Before: MERRITT, Chief Judge; NELSON and DAUGHTREY, Circuit Judges.
Frank Cisco Brown, pro se, appeals a district court judgment dismissing, with prejudice, his petition for habeas relief filed pursuant to 28 U.S.C. Sec. 2254. The case has been referred to a panel of the court pursuant to Rule 9(a), Rules of the Sixth Circuit. Upon examination, this panel unanimously agrees that oral argument is not needed. Fed.R.App.P. 34(a).
On August 8, 1973, Brown pleaded guilty to armed robbery. On August 17, 1973, Brown requested the court to postpone sentencing until he had completed his federal sentence or had been paroled therefrom. The court granted his motion. Subsequently, on November 8, 1973, Brown filed a motion requesting that the court impose a sentence and run it concurrent to his federal sentence. The trial court granted Brown's motion and sentenced him to ten years to run concurrent with his federal sentence. Brown was not present at the sentencing because he waived his right to be present in the affidavit attached to his motion. Brown has exhausted his state court remedies.
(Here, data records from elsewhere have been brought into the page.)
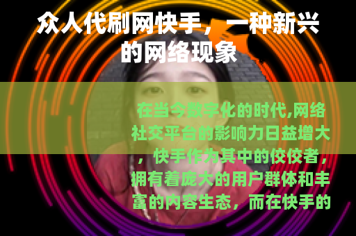 在当今数字化的时代,网络社交平台的影响力日益增大,快手作为其中的佼佼者,拥有着庞大的用户群体和丰富的内容生态,而在快手的发展过程中,众人代刷网快手这一现象逐渐崭露头角,引起了众多人的关注。
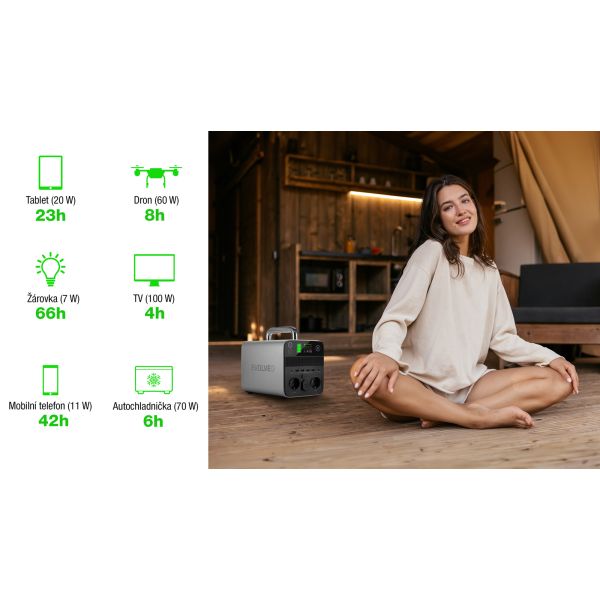 • Výdrž napájania spotrebiča: tablet (20 W) – 23 h, dron (60 W) – 8 h, mobilný telefón (11 W) – 42 h, žiarovka (7 W) – 66 h, TV (100 W) – 4 h, autochladnička (70 W) – 6 h
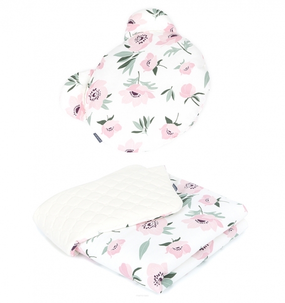 2-dílná sada, dečka Velvet 75 x 100 cm s polštářkem Teddy, Růže, smetanová/ecru
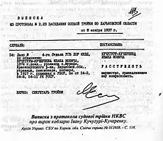En los últimos años, han aparecido significativas evidencias de que a la conferencia etnográfica para banduristas, kobzarís y lírnyks (tocadores de zanfona), organizada en Járkov de diciembre de 1933, asistieron 300 músicos ciegos, que fueron posteriormente ejecutados.

In his habeas petition now under consideration by this court, Brown attacked his 1973 conviction on the basis that he was wrongly sentenced in absentia and that his 1973 guilty plea was invalid. The matter was referred to a magistrate judge, who determined that the district court lacked statutory authority and jurisdiction to review this petition, because Brown was no longer "in custody" for the 1973 conviction but, rather, was serving a sentence on a later conviction. The magistrate judge relied on the Supreme Court holding in Maleng v. Cook, 490 U.S. 488 (1989) (per curiam). After reviewing this report and recommendation, as well as Brown's objection to that report, the district court adopted the report in its entirety, concurring in the magistrate judge's finding that Brown was no longer "in custody" on the basis of his 1973 conviction at the time his current petition was filed. The district court dismissed the petition, with prejudice, by judgment dated March 29, 1994.
Upon review, we affirm the district court's judgment because the district court was without jurisdiction to entertain Brown's petition. See Gavin v. Wells, 914 F.2d 97, 98 (6th Cir.1990).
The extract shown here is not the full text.